2.5.2 Scope for error
Facial recognition data is not free from error, which could lead to people being
implicated for crimes they have not committed. For example, a slight change in
camera angle or a change in appearance, such as a new hairstyle, could lead to an
error. In 2018, Newsweek reported that Amazon’s facial recognition technology had
falsely identified 28 members of the US Congress as people arrested for crimes.
2.5.3 Breach of privacy
The question of ethics and privacy is the most contentious one. Governments have
been known to store several citizens' pictures without their consent. In 2020, the
European Commission said it was considering a ban on facial recognition technology
in public spaces for up to 5 years, to allow time to work out a regulatory framework to
prevent privacy and ethical abuses.
2.5.4 Massive data storage
Facial recognition software relies on machine learning technology, which requires
massive data sets to “learn” to deliver accurate results. Such large data sets require
robust data storage. Small and medium-sized companies may not have sufficient
resources to store the required data.
2.6. Uses of facial recognition
In reality, facial recognition technology has already permeated our day-to-day
activities. It unlocks phones, tags friends on Facebook, and secures homes. In part,
these small integrations fulfill the overarching promise of technology by providing a
simplified, expedited, and, in some cases, more secure way to proceed with daily life.
These convenient, personal, and consensual interactions with facial recognition
technology might reduce or even dispel common clichés about surveillance. But
personal engagement with technology doesn’t always translate into a full
understanding of how that technology collects and uses data. This is exacerbated when
the technology’s use isn’t limited to the interactions that we can see and catalog.[14]
2.6.1. Unlock Phones
Numerous phones, including the most recent iPhone, may now be unlocked using face
recognition. With the help of this technology, it is possible to protect critical
information and make sure that if a phone is stolen, the thief cannot access personal
information.

20
2.6.2. Smarter Advertising
Face recognition can improve the targeting of advertisements by establishing accurate
assumptions about people's gender and age. Companies like Tesco already have plans
to install facial recognition screens at gas stations. It won't take long for facial
recognition to be widely employed in advertising.
2.6.3. Find missing people
Face recognition technology may be used to find missing children and victims of
human trafficking.
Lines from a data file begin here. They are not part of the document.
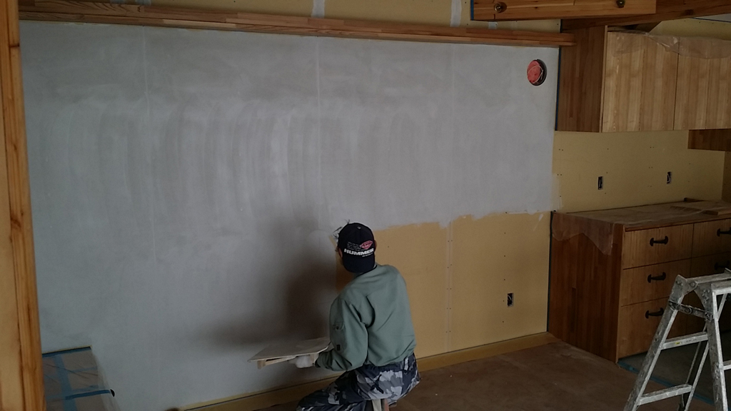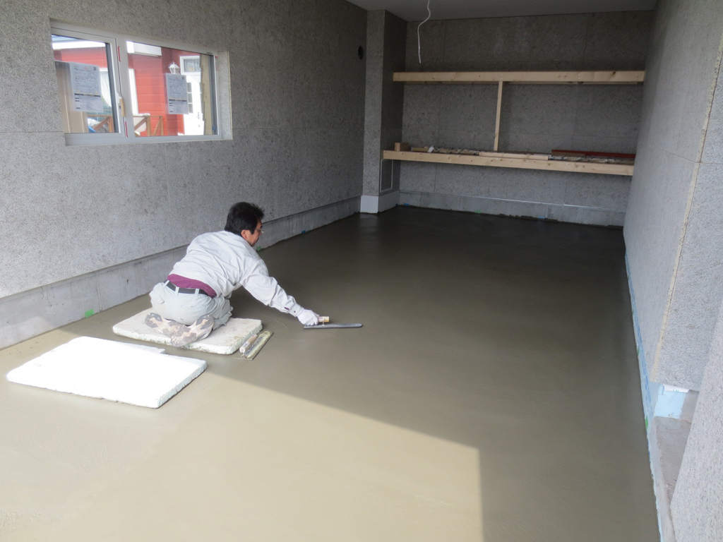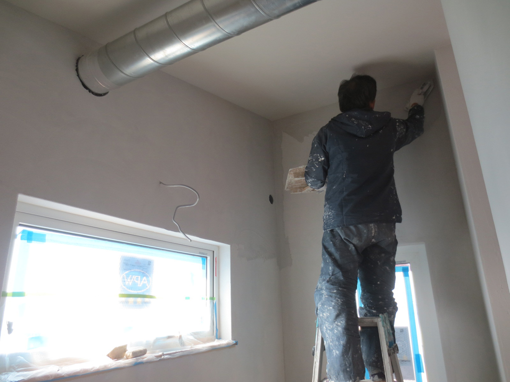左官屋さんが金コテを使ってボコボコ面を綺麗に均してくれます。
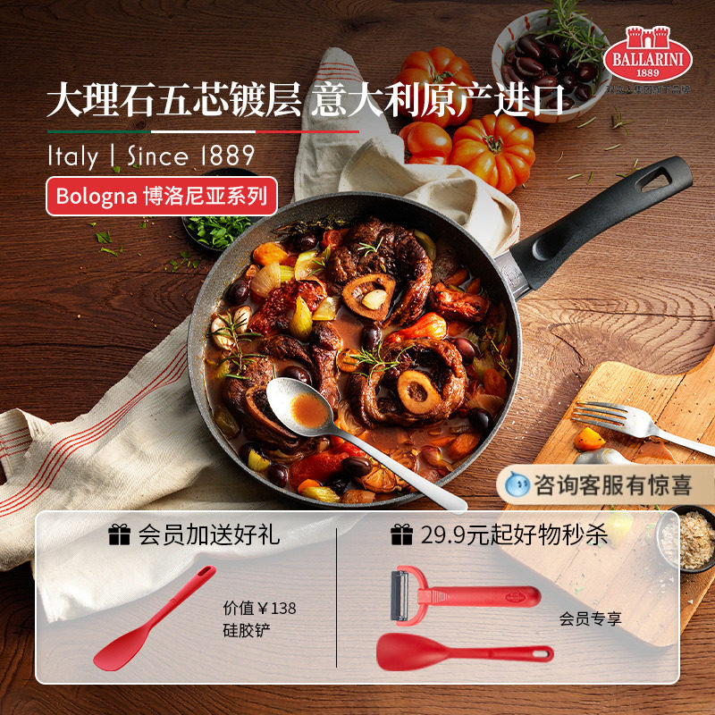 Ballarini巴拉利尼旗舰店进口炒锅平底锅不粘锅电磁炉通用30cm
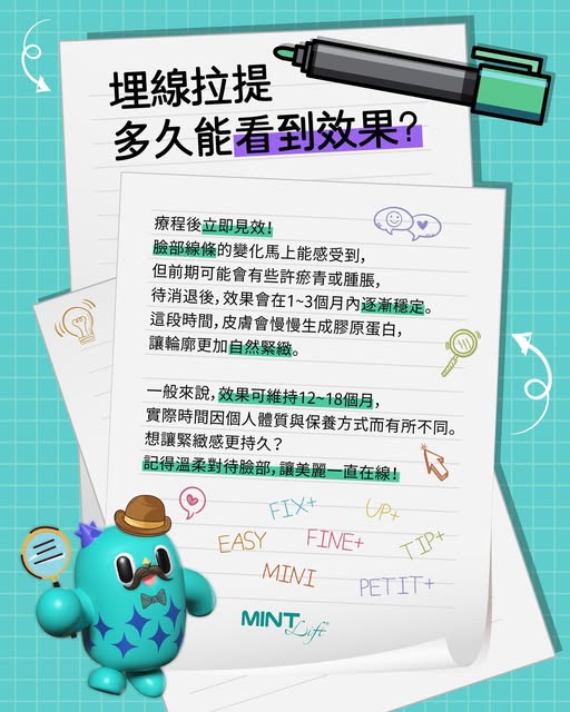約六個月後,MINI線材將逐漸被人體吸收,而增加的膠原蛋白則將原本鬆弛下垂的部位自然拉提,添增澎潤感,達到更持久的效果!
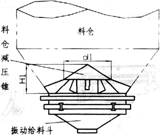 慣性振動給料斗在設(shè)計計算中已考慮了一定的倉壓,但建議在料倉內(nèi)物料高度大于2m時,在料倉內(nèi)安裝料倉減壓錐,以確保振動給料斗更穩(wěn)定地工作,特別是確保其給料精度更趨準(zhǔn)確。料倉減壓錐應(yīng)焊接在料倉內(nèi),并保持平穩(wěn)。料倉減壓錐安裝圖,安裝尺寸如下:
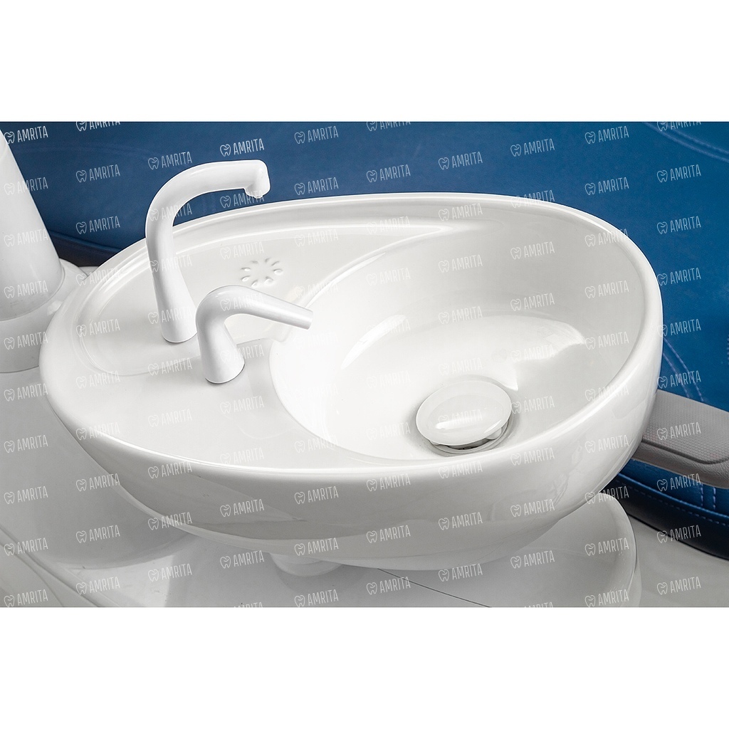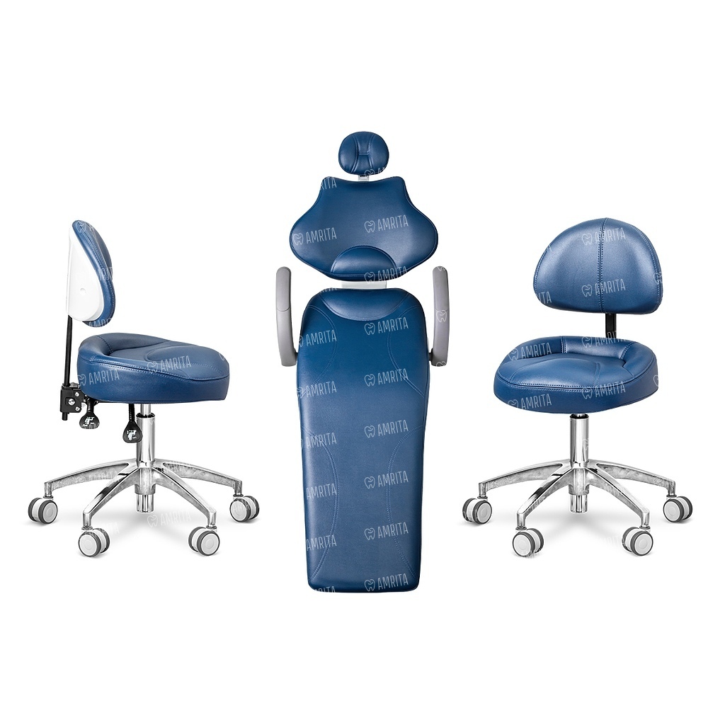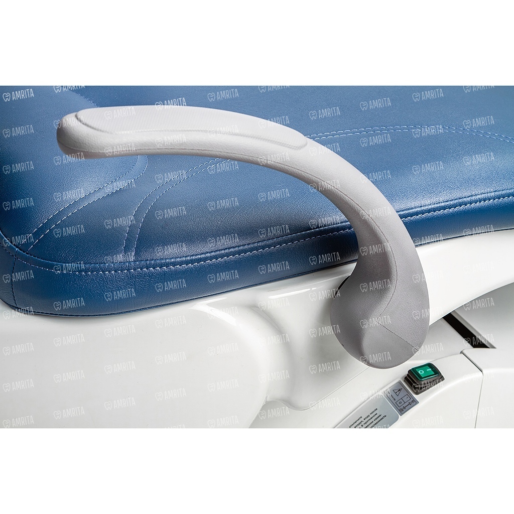 - Современное кресло пациента дополнено широкой спинкой с металлическим антивандальным основанием и шовной обивкой из импортной фиброкожи;
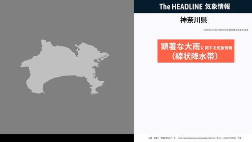 神奈川県東部、線状降水帯による非常に激しい雨が続き災害発生の危険度が急激に高まる
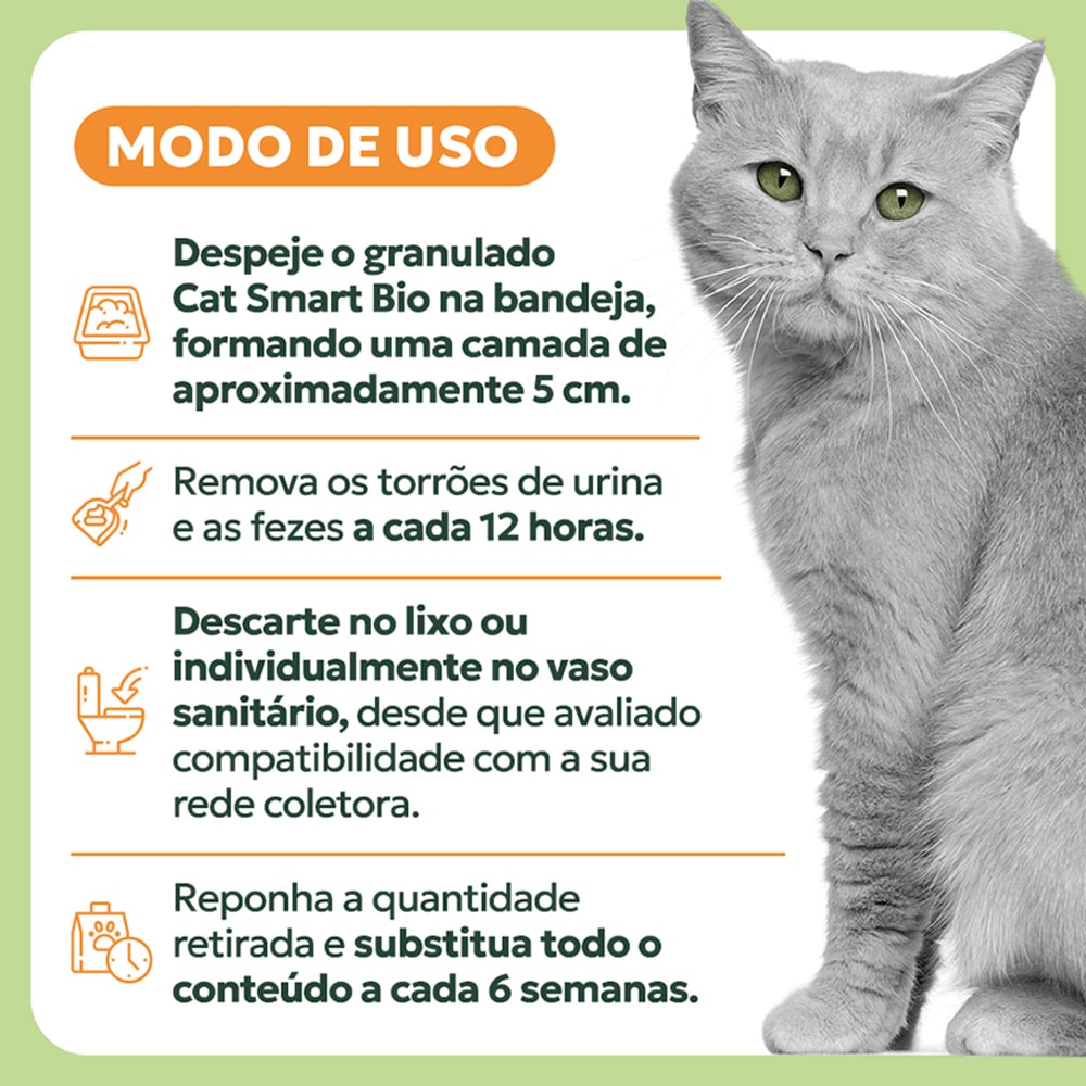 Para gatos que ainda não utilizam granulados vegetais, recomenda-se misturar gradualmente o Cat Smart Bio com a areia tradicional, aumentando a proporção até a completa adaptação.
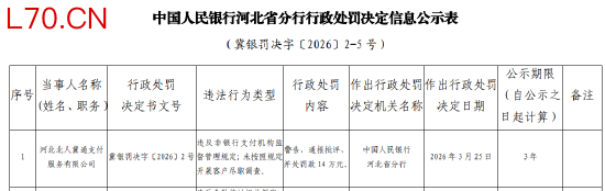 配资网站4月3日金融一线消息,据中国人民银行河北省分行行政处罚决定信息公示表显示,河北北人冀通支付服务有限公司因违反非银行支付机构监督管理规定、未按照规定开展客户尽职调查,被警告、通报批评,并处罚款14万元。
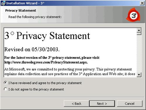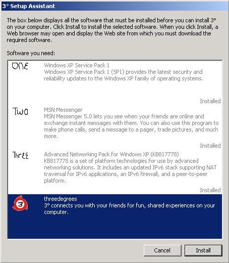 2. เนื่องจากการติดตั้ง TreeDegrees จำเป็นต้องตรวจสอบความพร้อมของ Windows XP ที่เราใช้ครับ หากผู้ใช้ท่านใดยังขาดไฟล์บางไฟล์ ในขั้นตอนนี้ก็จะบังคับให้เราทำการติดตั้งก่อน โดยจะเรียงลำดับการติดตั้ง ตั้งแต่ลำดับ One ,Two และ Three จากในรูปจะเห็นว่าโปรแกรมในข้อ One และ Two ผมมีแล้ว จะเหลือก็แต่ข้อ Three โปรแกรมก็จะเลือกให้ครับ เราก็เพียงแต่คลิกปุ่ม Install และทำตามขั้นตอนต่อไปจนสมบรูณ์ครับ
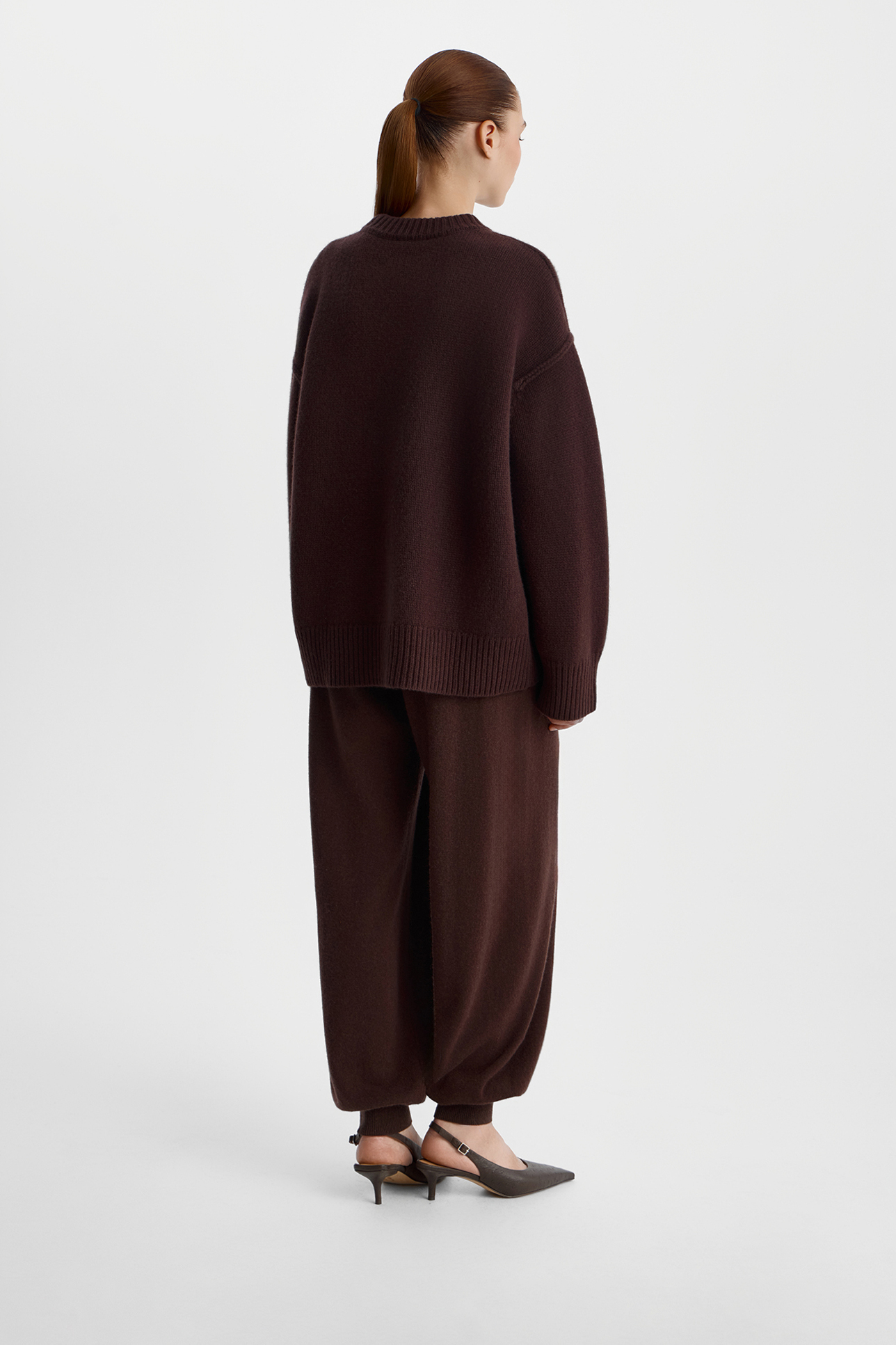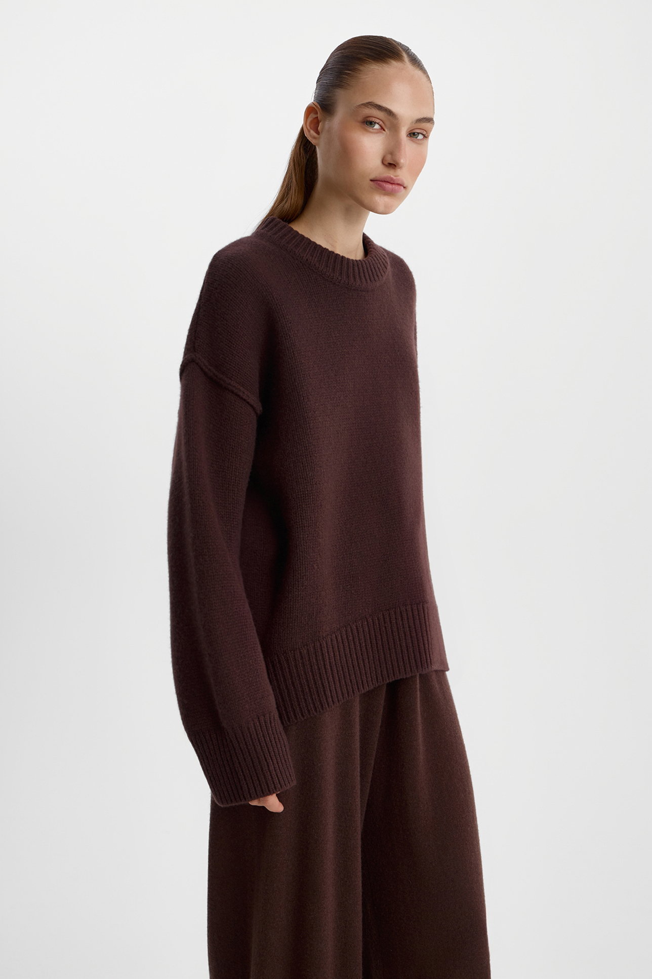 Джемпер с декоративными швами шоколадного цвета
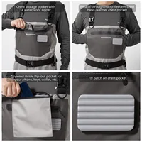 Large chest storage pocket with waterproof zipper closure; Reach-through fleece hand warmer pocket; Interior chest zippered pocket flips out for easy access; With a detachable fly patchon chest
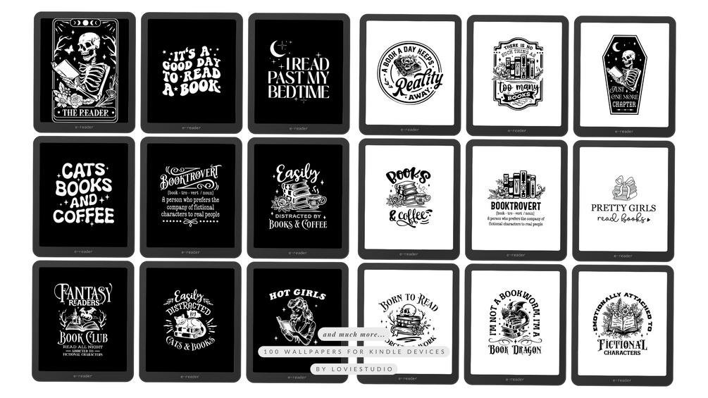 Apresentando a primeira coleção de descanso de tela para Kindle, sendo 100 papéis de parede no total, todos contendo frases relacionadas à leitura de livros, para deixar seu dispositivo Kindle com a sua cara!
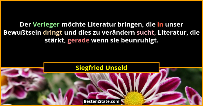 Der Verleger möchte Literatur bringen, die in unser Bewußtsein dringt und dies zu verändern sucht, Literatur, die stärkt, gerade wenn sie beunruhigt.
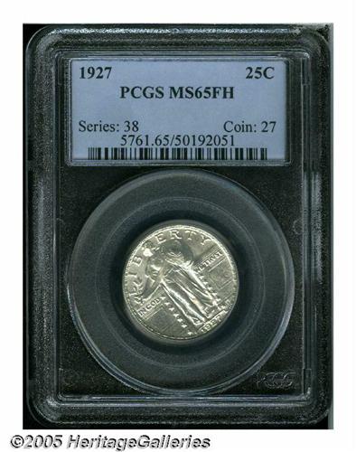 <B>1927<25C> MS65 Full Head PCGS.</B></I> A radiant, untoned Gem that would be perfect for the collector looking for a high grade representative of Hermon MacNeil's classic design. The design elements are sharply struck, and the surfaces are devoid of mentionable marks. Population: 89 in 65, 44 finer (6/05).
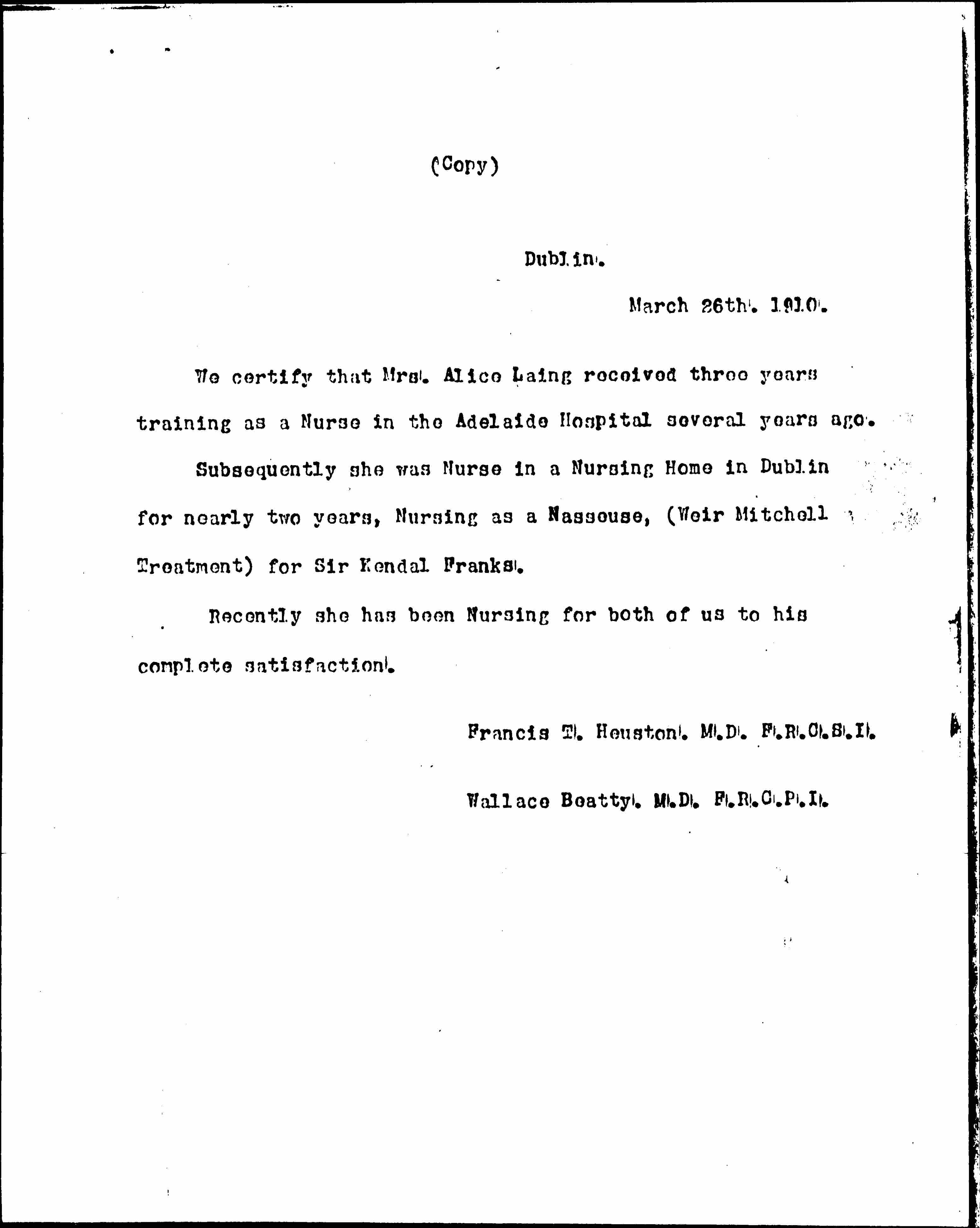 We certify that Mrs. Alice Laing received three years training as a Nurse in the Adelaide Hospital several years ago.
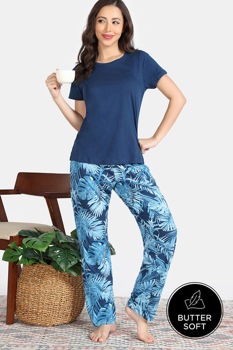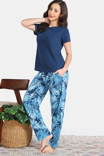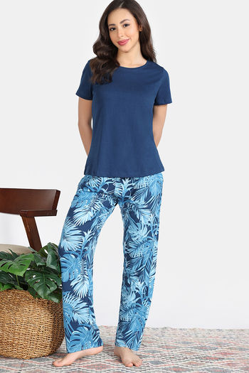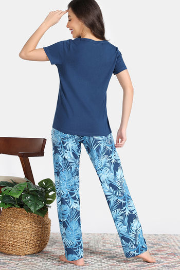 Zivame Indigo Wild Knit Poly Pyjama Set - Moonlight Ocean

Law enforcement can be contacted if a missing person is
recognized by facial recognition in a public location, such as an airport, store, or
another public area, as long as they are listed as missing in a database.
2.6.4. Protect Law Enforcement and security services
The ability to swiftly identify persons in the field from a safe distance is already
helping police officers thanks to face recognition programs on mobile devices. This
can help them by giving them perspective about the people they are working with and
whether they should proceed cautiously.

A visitor from Denmark stands in front of a face recognition camera after arriving at
customs at Orlando International Airport on June 21, 2018. Florida's busiest airport
is becoming the first in the nation to require a face scan of passengers on all arriving
and departing international flights. (AP Photo/John Raoux)
For instance, if a policeman stops a wanted murderer during a routine traffic check,
the officer will immediately realize that the man or woman is armed and dangerous
and will request assistance.
2.6.5. Identifying People on social media
Facebook uses face recognition technology to automatically identify people who
appear in pictures. This makes it simpler for people to find pictures in which they
feature and gives them the ability to suggest when certain people should be tagged in
pictures.

21
2.6.6. Tracking Student Attendance
In addition to enhancing safety in schools, face recognition can track children's
attendance. In the past, pupils could mark down another child who was skipping class
on their attendance papers. Facial recognition technology is already widely used in
schools to prevent students from skipping classes. To confirm students' identities,
tablets are used to scan their faces and compare the results to a database.
2.6.7. Finance and banking
Facial recognition technology can be used for customer identification and verification.
Similarly, to this, facial recognition software can speed up the customer onboarding
procedure. Facial recognition can be used to increase security and prevent ATM theft
and financial fraud incidents.
2.7. Challenges in facial recognition
However, building a fully automatic pattern recognition system with high accuracy
recognition has been a real challenge for researchers. Due to factors (subjective and
objective) that affect the image acquisition process and produce highly variable photos
of the same face. The main factors affecting the accuracy of a face recognition system
can be listed:
- Light conditions: Photos obtained in different lighting conditions will be very
different and reduce the accuracy of the recognition process.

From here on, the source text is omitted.